The rescue and survival of the soldiers come in the wake of President Yoweri Museveni’s disclosure that 54 Ugandan soldiers were killed in the al-Shabab attack on May 26.
Museveni expressed his grief on Twitter, stating, “We discovered the lifeless bodies of fifty-four fallen soldiers, including a Commander.”
To investigate the attack, Uganda dispatched a team led by land forces commander Lieutenant General Kayanja Muhanga to Somalia.
Museveni also highlighted that two commanders who ordered the soldiers to retreat have been apprehended and will face charges in the Court Martial.
Al-Shabab, the militant group responsible for the attack, recently released a video allegedly depicting the raid on the UPDF base.
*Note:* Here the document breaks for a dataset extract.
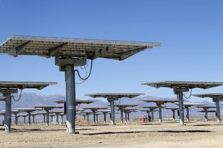 Staff of a solar power plant works on their solar panels in Hami, northwest China's Xinjiang Uygur Autonomous Region on May 8, 2013. The EU executive on May 8 proposed heavy anti-dumping tariffs of around 47 percent on imports of Chinese solar panels, a European Union source said. CHINA OUT AFP PHOTO

In the video, the leader of al-Shabab, Ahmed Umar Abu Ubaidah, whose face remains obscured, bids farewell to the attackers.
The news of the soldiers’ survival and the loss of 54 Ugandan troops has left the nation heartbroken and shocked.
Simon Mulongo, a Ugandan diplomat and former deputy head of the African Union Mission in Somalia, now working as a security analyst, described the public’s reaction as one of shock and cruelty.
He stated, “They felt their deaths were cruel. Uganda had never suffered such a deadly attack.”
Mulongo acknowledged that the incident had sparked a debate regarding whether to withdraw troops from Somalia or continue the mission to achieve its objectives.
Brigadier General Kulaigye echoed the mixed sentiments within Uganda.
He said, “Some urge us to go on and make sure we revenge. Others felt the mission should get out because we are dying for other people, not for our country.”
Despite these varying opinions, Kulaigye affirmed that Uganda would not withdraw its troops unless directed by the African Union, emphasizing their commitment to pan-African duty and the pursuit of peace in Africa.
Mulongo emphasized that Uganda’s commitment to Somalia is driven by humanitarian reasons and the principles of pan-Africanism.
Although the two countries do not share a border, Uganda believes in the importance of a stable Somalia for economic, trade, and technological cooperation within the region.
Mulongo concluded, “We believe that stable Somalia is the only alternative we can have of a neighbor with whom we can bloc in terms of economics, in terms of trade, in terms of technological transfer.”
He further expressed the strategic significance of Somalia’s location in the eastern region and the potential benefits it holds for Uganda and Africa as a whole.